With 11 minutes of the game left, Brazil were 3-0 up and had a free kick in a good position. As the Zaire wall lined up, defender Mwepu Ilunga rushed out and kicked the ball away before Brazil could take the kick. The commentators used it as an example of African football’s naivety and indiscipline, but in reality he just panicked in the heat of the moment. Brazil retook the kick, and it came to nothing. The final result was 3-0 and the players were sent home, disgraced but still alive and allowed back. Once they got back home the players had their club contracts cut and found it very hard to get work again. A heartbreaking story for the players involved, made worse by fact that Mobutu seemed to escape any form of karmic justice, staying in power until 1997, the first African leader invited to the White House by George H W Bush, and got his country to host Ali/Foreman, to the cost $10million dollars which his country could have used.

5. Christmas Truce

Christmas Truce 1914, as seen by the Illustrated London News.

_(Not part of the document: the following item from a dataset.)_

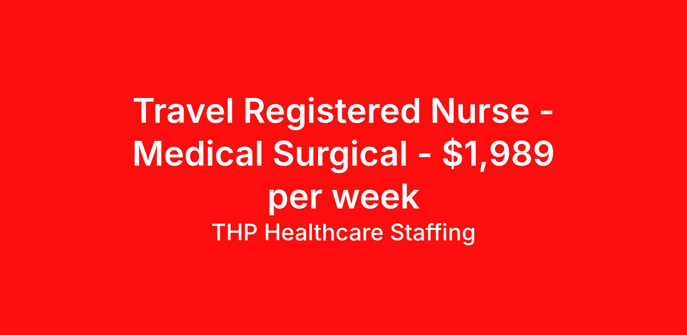 THP Healthcare Staffing is seeking a travel nurse RN Med Surg for a travel nursing job in Sylva, North Carolina. Job Description & Requirements Specialty: Med Surg Discipline: RN Start Date: ASAP Duration: 13 weeks 36 hours per week Shift: 12 hours, nights Employment Type: Travel Our Client is currently seeking RN - MedSurg positions in Sylva, NC for a 3x12 Nights shift. You must have current State Licensure and at least 1 year of recent experience. Requirements Current Resume State Licensure Current BLS and/or ACLS and/or Specialty Certifications 2 Current Clinical References Physical (Within 12 Months) TB Skin Test (Within 12 Months) Titers - MMR/Hep B/Varicella Respiratory Fit Test (Within 12 Months) Current - Tdap/Flu Vaccinations Must be able to pass pre-employment, background and urine drug screening Compensation and Benefits Compettive Pay Packages Health Benefit Package Travel pay - 1st pay check Extending Contract Bonus Refer a friend and earn extra cash! At THP Healthcare Staffing, we take care of you - work with us, not for us! THP Healthcare Staffing Job ID 17921993. Pay package is based on 12 hour shifts and 36.0 hours per week (subject to confirmation) with tax-free stipend amount to be determined. Posted job title: RN:MedSurg,19:00:00-07:00:00 About THP Healthcare Staffing At THP Staffing, we specialize in connecting healthcare facilities with highly skilled travel nurses and allied health professionals who bring exceptional care and expertise wherever they go. Our mission is to ensure that every healthcare provider has access to top nursing talent, regardless of location, to deliver superior patient outcomes. Benefits Weekly pay Life insurance Pet insurance License and certification reimbursement Medical benefits Employee assistance programs Referral bonus Vision benefits Holiday Pay Health savings account

Probably the most well known story in this list. Christmas Day 1914 saw a series of unofficial ceasefires along the Western front, some taking part in football matches. This is simply beautiful, soldiers putting their differences aside to fraternise, seeing each other as equals, not caricatured enemies. This film wouldn’t even need dialogue, the entire thing could just be shown with music, the frantic firing in November, the slowing down in December, the first person going over the trench, the game itself, then the slow realisation that this will never happen again and some of these people will end up dead, killed by the people they played with, then an old man, reliving the war, visiting the grave of an enemy soldier, carefully placing a football down on the grave.